Using a reverse image search, they were able to find out who the man claiming to be John actually was. The real face of the fake romance was, it turned out, a man based in San Francisco.
So the family alerted Mary to this fact – only to have her dismiss their concerns again. And so they moved to make contact themselves with the man in the photo.
“We told him we had seen the same images that are on his Instagram account on our sister’s phone,” Martha says. “He replied that it wasn’t the first time his image had been stolen. He offered to video call Mary to verify his identity, as he had done this previously with another woman to convince her that she was being scammed. He told us he is gay and had a husband for 27 years – so romancing women is not his thing!”
[ What can, and cannot, be done about romance scams? Opens in new window ]
Mary dug her heels in and said she “was perfectly fine and said that she didn’t want to speak to me or my sister about this any more and that she wanted her privacy respected”.

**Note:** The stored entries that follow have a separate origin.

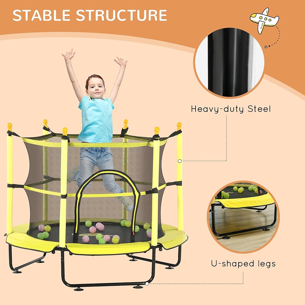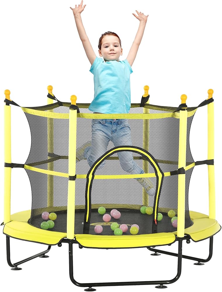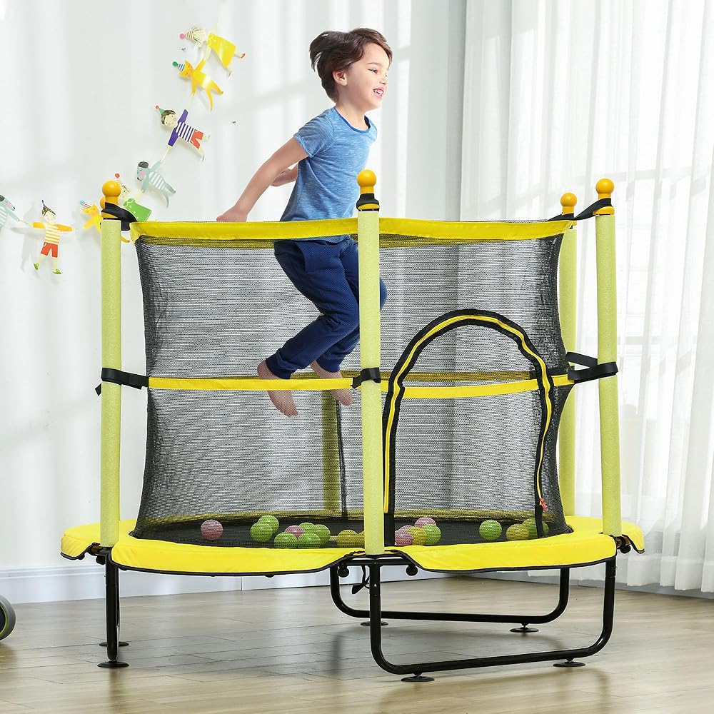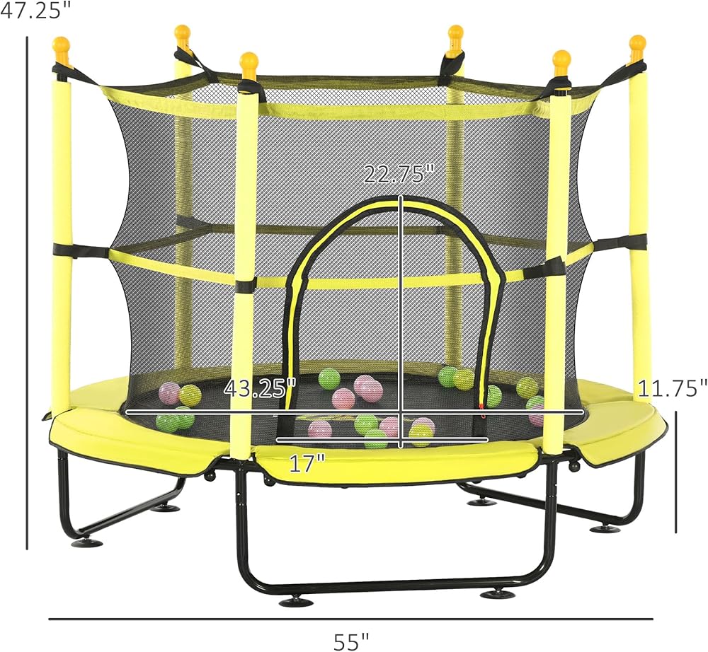 ترامبولين مقاس 4.6 بوصات للأطفال، ترامبولين للأطفال مقاس 55 بوصة مع حاوية أمان وحفرة كروية للاستخدام الداخلي أو الخارجي، مصمم للأطفال من سن 3 إلى 10 سنوات
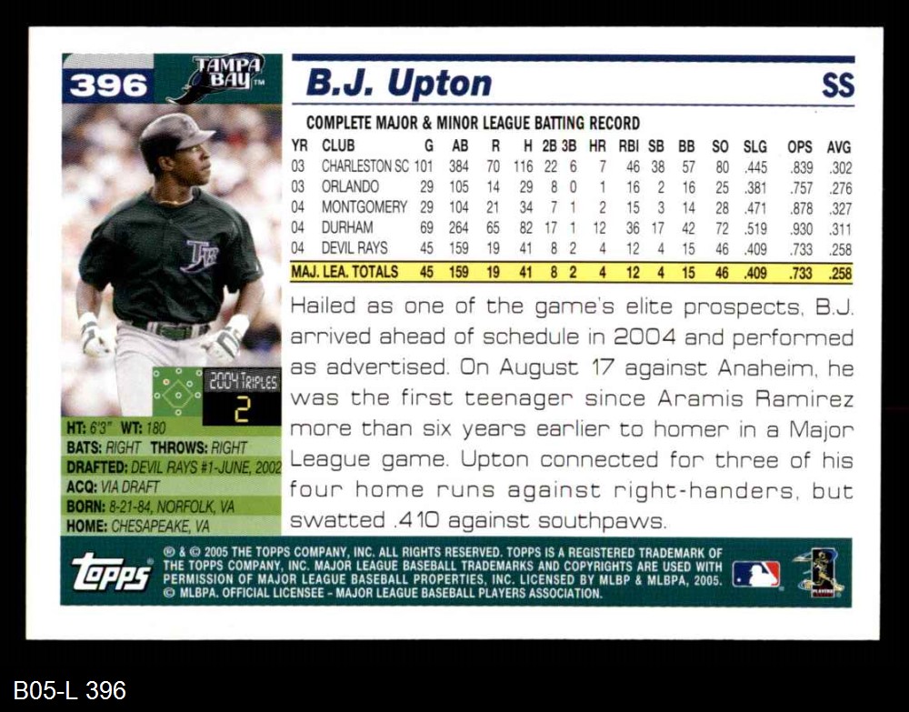 2005 Topps #396 B.J. Upton 8 - NM/MT
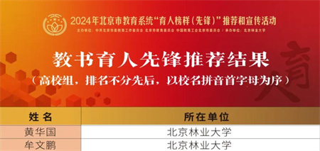 材料科學與技術學院曹金珍榮獲北京市教育系統“教書育人榜樣”稱號(系我校首次獲得),林學院黃華國、馬克思主義學院牟文鵬榮獲北京市教育系統“教書育人先鋒”稱號,黨委學生工作部阿巴斯·吐爾遜、環境科學與工程學院李凌榮獲北京市教育系統“管理育人先鋒”稱號,信息化建設與管理辦公室高顯俊、綜合保障部侯俊鵬榮獲北京市教育系統“服務育人先鋒”稱號。

It was now the dead of winter and Mary’s house was cold, Martha says.
“After a few pleasantries, I asked why she wouldn’t allow my sister to pay a plumber to fix her heating,” Martha continues. “Mary immediately became angry, saying that we were patronising her, sneaking around behind her back. When I told that we had only been investigating because we were concerned that [the man] wasn’t who he said she was, she said that he was her husband now and that she didn’t need the church or State to validate that marriage. When asked where her husband was and why she wasn’t living with him, she shouted that it was none of our business and she ordered me to leave her house.”
The family felt they had no choice but to go to the guards. They were, Martha says, “sympathetic, but said that we couldn’t make a complaint on someone else’s behalf. A garda said that no crime had been committed and that if Mary had been defrauded then she, as the injured party, would have to make the complaint. He offered to get a Garda car to go and do a welfare check, but it was felt that that would only serve to anger Mary and push her further into the arms of the scammer.”
The story was still unfolding at the end of last year when the family rang their sister’s bank and were put through to the fraud section.
“The person was very sympathetic, agreed it seemed like a scam, but due to data protection couldn’t divulge any information about transactions on Mary’s account. He did say that he would write out to her and ask her to contact the bank and verify transactions. However, he said that if Mary said they were genuine transactions, that they couldn’t tell people what they could and could not spend their money on,” Martha says.
Since then they have tried over and over again to reach their sister and make her see that she is being conned. At the time of writing, the scam was still unfolding.